Rechtspraak
Gerechtshof Arnhem-Leeuwarden (Locatie Arnhem), 12 november 2024
ECLI:NL:GHARL:2024:6921
Feiten
WS Detachering, waar werknemer in dienst was, heeft werknemer uitgeleend aan Hop. Op 14 november 2018 is werknemer een ongeval overkomen in de bedrijfshal van Hop, waarbij hij met zijn linker enkel bekneld is geraakt onder een balk. De Inspectie SZW heeft vastgesteld dat er sprake is geweest van een overtreding van de Arbeidsomstandighedenwetgeving en heeft Hop een boete opgelegd. Werknemer heeft in eerste aanleg een verklaring voor recht gevorderd dat WS Detachering en Hop hoofdelijk aansprakelijk zijn voor de door hem geleden schade. De kantonrechter heeft de vorderingen toegewezen en in de vrijwaringszaak geoordeeld dat de schade voor rekening van Hop komt. Hop en WS Detachering komen tegen het vonnis in hoofdzaak in hoger beroep.
Oordeel
In hoger beroep moet als vaststaand worden aangenomen dat werknemer letsel aan zijn been heeft opgelopen in de uitoefening van zijn werkzaamheden bij Hop.
Zorgplicht
Naar het oordeel van het hof heeft Hop niet, althans onvoldoende, onderbouwd dat zij adequate veiligheidsinstructies (aanwijzingen) heeft gegeven alsook voldoende maatregelen heeft getroffen. Ten aanzien van de veiligheidsinstructies overweegt het hof allereerst dat ook als wordt aangenomen dat Hop werknemer heeft geïnstrueerd om de geel gemarkeerde looproutes te volgen en de rood omlijnde vakken niet te betreden dit haar niet kan baten. Vaststaat namelijk dat er ten tijde van het ongeval geen geel gemarkeerde looproutes waren in het overgrote deel van de bedrijfshal en dat de laadruimte niet rood omlijnd was. Voor wat betreft de verwijzing van Hop naar het veiligheidsprotocol en de bedrijfsinterne regeling, is onvoldoende onderbouwd dat werknemer hiermee bekend was. Op het punt van adequate veiligheidsinstructies merkt het hof verder op dat gesteld noch gebleken is dat er een algemene instructie gold om de laadruimte niet te betreden, tenzij men daar voor het uitvoeren van werkzaamheden moest zijn. Het hof oordeelt dat Hop geen adequate veiligheidsinstructies heeft gegeven om te voorkomen dat werknemer in de gegeven situatie de laadruimte zou betreden. Evenmin heeft zij aangetoond dat zij daartoe voldoende maatregelen heeft genomen. Het hof gaat voorbij aan het betoog van Hop dat niet van haar verwacht kon worden dergelijke veiligheidsmaatregel(en) te treffen. Hop mocht er gelet op de afwezigheid van instructies en maatregelen op dit punt niet op vertrouwen dat medewerkers altijd een looproute lángs en niet dóór de laadruimte zouden gebruiken.
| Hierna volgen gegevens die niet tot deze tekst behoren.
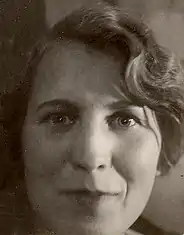 Valentina Kulagina, full name Valentina Nikiforovna Kulagina-Klutsis (Russian: Валентина Никифоровна Кулагина-Клуцис, 1902–1987[1]) was a Russian painter and book, poster, and exhibition designer. She was a central figure in Constructivist avant-garde in the early 20th century alongside El Lissitzky, Alexander Rodchenko other and her husband Gustav Klutsis. She is known for the Soviet revolutionary and Stalinist propaganda she produced in collaboration with Klutsis.

Opzet of bewuste roekeloosheid
Vervolgens speelt de vraag of er aan de kant van werknemer sprake is geweest van opzet of bewuste roekeloosheid. Het hof beantwoordt die vraag ontkennend. Hop heeft geen, althans onvoldoende, feiten en omstandigheden aangedragen die de conclusie kunnen rechtvaardigen dat er sprake is geweest van opzet bij werknemer. Hop heeft ook geen concrete omstandigheden genoemd die de conclusie kunnen rechtvaardigen dat werknemer zich onmiddellijk voorafgaand aan het op de balken stappen bewust moet zijn geweest van de roekeloosheid van die gedraging.
Conclusie
Het hoger beroep van Hop en van WS Detachering slaagt niet. Het voorgaande betekent dat de kantonrechter terecht heeft geoordeeld dat Hop en WS Detachering op grond van artikel 7:658 BW hoofdelijk aansprakelijk zijn voor de schade die werknemer heeft geleden door het arbeidsongeval van november 2018.